What algorithm would you make a computer use, if you want to solve a picture jumble?

You can always argue in terms of efficiency of the algorithm, but here I am really looking at what approaches to follow.

Thanks

A: 

Solving a jigsaw puzzle can basically be reduced to matching like edges to like edges. In a true jigsaw puzzle only one pair of pieces can properly be interlocked along a particular edge, and each piece will have corners so that you know where a particular side starts and ends.

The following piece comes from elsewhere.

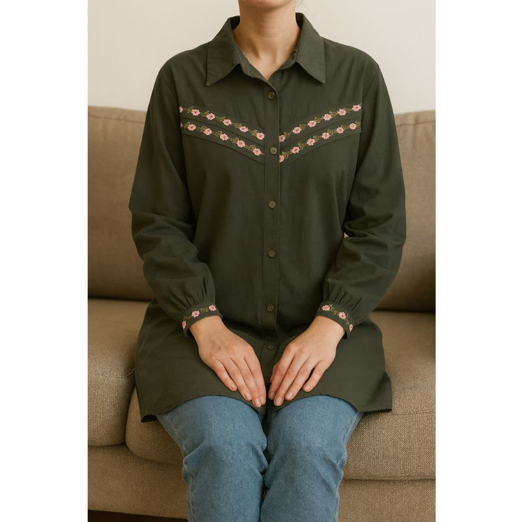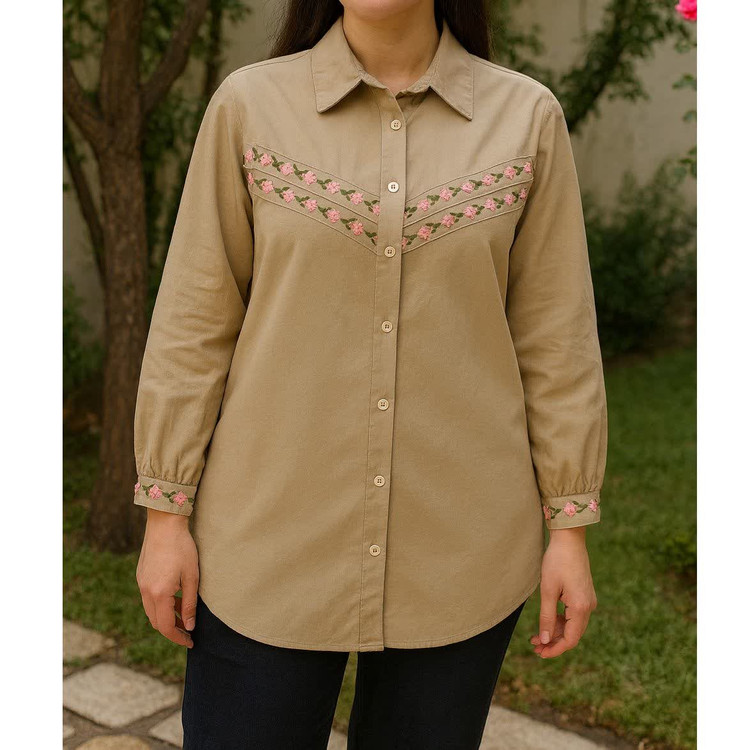 طراحی اختصاصی: گلدوزیهای متقارن و زیبا در قسمت سینه و سرآستینها که جلوهای خاص به آن بخشیده است.

Thus, just find the endpoints of each edge and select a few control points. Then iterate through all pieces with unbound edges until you find the right one. When there are no more unbound edges, you have solved the puzzle.

John Feminella
+5  A: 

What you need to do is to define an indexing vocabulary for each face of a jigsaw puzzle, such that the index of a right-facing edge can can tell you what the index of a corresponding left-facing edge is (e.g, a simple vocabulary: "convex" and "concave", with "convex" on a face implying "concave" on a matching opposite face), and then classify each piece according to the indexing vocabulary. The finer the vocabulary, the more discrimantory the face-matching and the faster your algorthm will go, however you implement it. (For instance, you may have "flat edge, straight-edge-leans-left, straight-edge-leans-right, concave, convex, knob, knob-hole, ...). We assume that the indexing scheme abstracts the actual shape of the edge, and that there is a predicate "exactly-fits(piece1,edge1,piece2,edge2)" that is true only if the edges exactly match. We further assume that there is at most one exact match of a piece with a particular edge.

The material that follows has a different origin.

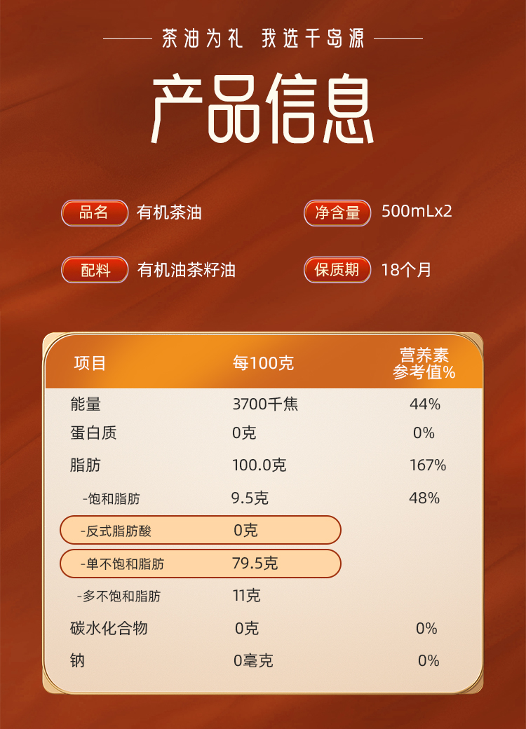 千岛源 有机茶油(礼盒)500ml×2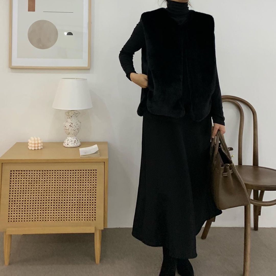 보온성좋은 무스탕조끼 밍크퍼조끼 퍼베스트 데일리룩

The goal is grow a set of regions, e.g., a set of connected pieces, until it is no longer possible to grow the regions. We first mark all pieces with unique region names, 1 per piece, and all edges as unmatched. Then we enumerate the piece edges in any order. For each enumerated piece P with edge E, use the indexing scheme to select potentially matching piece/edge pairs. Check the exactly-fits predicate; at most one piece Q, with edge F, exactly-matches. Combine the regions for P and Q together to make a large region. Repeat. I think this solves the puzzle.

Ira Baxter
thats some good start. thanks!
Lazer
A: 

To elaborate on Ira Baxter's answer, another way of conceptualizing the problem is to think about the jigsaw puzzle as a graph, where each piece is a node and each iterface with another piece is an edge.

For example if you were designing a puzzle game, storing the "answer" this way would make "check if this fits" code a lot faster, since it could be reduced to some sort of hash-lookup.

Gregg Lind
A: 

.1 Find 2x2-grams such that all four edges will fit. Then, evaluate how well the image content matches with each other.

  P1 <--> P2
  ^       ^
  |       |
  v       v
  P3 <--> P4

.2 Tag orientations (manually or heuristically), but only use them as heuristics scores (for ranking), not as definitive search criteria.